A Conversation for Declining English
gooofy Started conversation Mar 18, 2004
English is not declining. Languages do not decline; they change.
If I write
"its a book"
"put it on it's side"
the reader will understand what I mean because of the context. And isn't that the important thing?
If what I write is understood, why get so upset over arbitrary rules?
Gadgeteer Posted Apr 2, 2004
I think you missed two key points.
Firstly, the word 'decline' has several meanings, and you chose the wrong one in your posting. Personally, I'd never come across the particular meaning of 'decline' used in this article before, but when the article started using the word 'declension', I guessed that the two words were related. A quick check of my dictionary confirmed this.

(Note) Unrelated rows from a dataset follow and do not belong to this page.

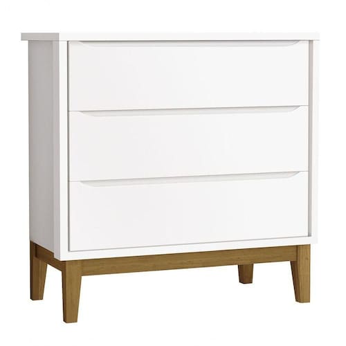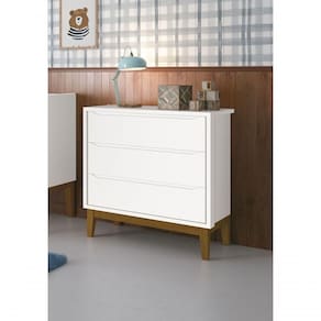 A Cômoda Gaveteiro Classic New - MóveisAqui, com um ar retrô o modelo de seus pés em madeira maciça, um desing clean que combina com vários estilos de decoração. É ótima para a organização das roupinhas e itens do seu bebê, possibilita um amplo espaço para armazenamento com suas três gavetas, de maneira que a organização do dia-a-dia possa ser mais fácil. Possui puxadores embutidos, onde as aberturas ocorrem através de recortes no MDF que possibilitam o perfeito encaixe da mão para que possa abrir as portas e gavetas.
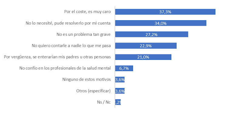 Más de la mitad de jóvenes (el 56,4 %) cree haber sufrido problemas de salud mental en los últimos 12 meses, y casi la mitad (un 49 %) no pidió ayuda profesional. Las razones esgrimidas son el coste de la atención profesional, en primer lugar, y especialmente entre las mujeres (44,8 %) frente a los hombres (27,5 %), seguida de otras razones que tienen que ver más con la subestimación del problema, las resistencias a compartir ese problema con su entorno y el estigma, que sigue generando sensaciones de vergüenza a la hora de abordarlo.
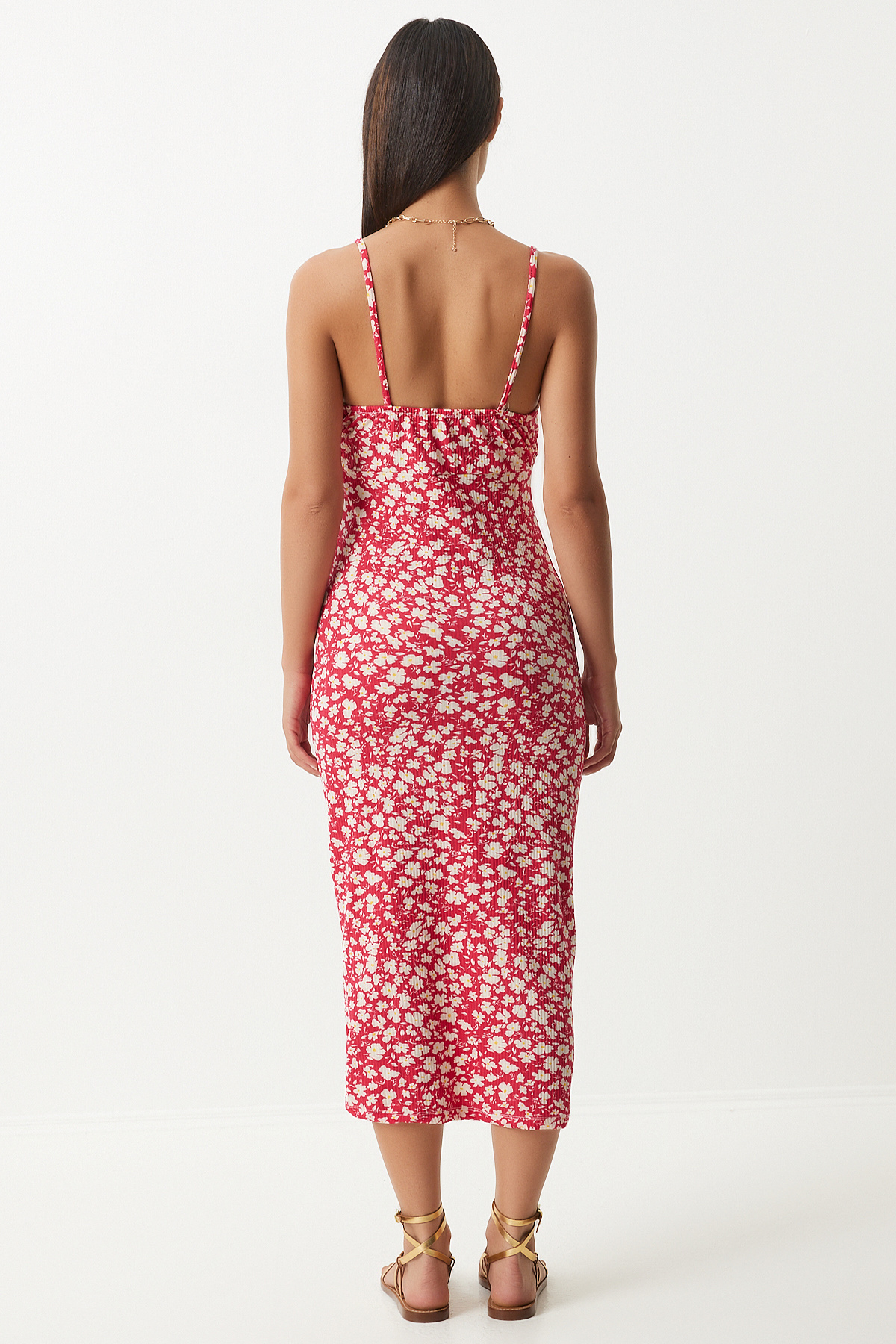 Çiçekli Desenli Yırtmaçlı Yazlık Örme Elbise KOYU PEMBE LCI0003 Çiçekli Desenli Yırtmaçlı Yazlık Örme Elbise KOYU PEMBE LCI0003 40

Secondly, I'm afraid your three examples do look wrong, and when used in a real-world situation, could be confusing to understand.
gooofy Posted Jun 15, 2004
you're right, I did think the article was using another meaning of "declining." that's funny.
my examples only look wrong because you've been taught to read a certain way.
Even though you were taught that the examples are wrong, you do understand what they mean, don't you?
They might make a reader pause because the apostrophe is not used as they expected, but it will not make the meaning ambiguous. I'd like to see more than a few examples where the presence or absense of an apostrophe will cause ambiguity. I'm sure they're are examples, but one can find examples for anything.
The apostrophe should be done away with, children should be taught that it is optional, and generally people should lighten up about it. We don't pronounce the apostrophe, so why should we write it?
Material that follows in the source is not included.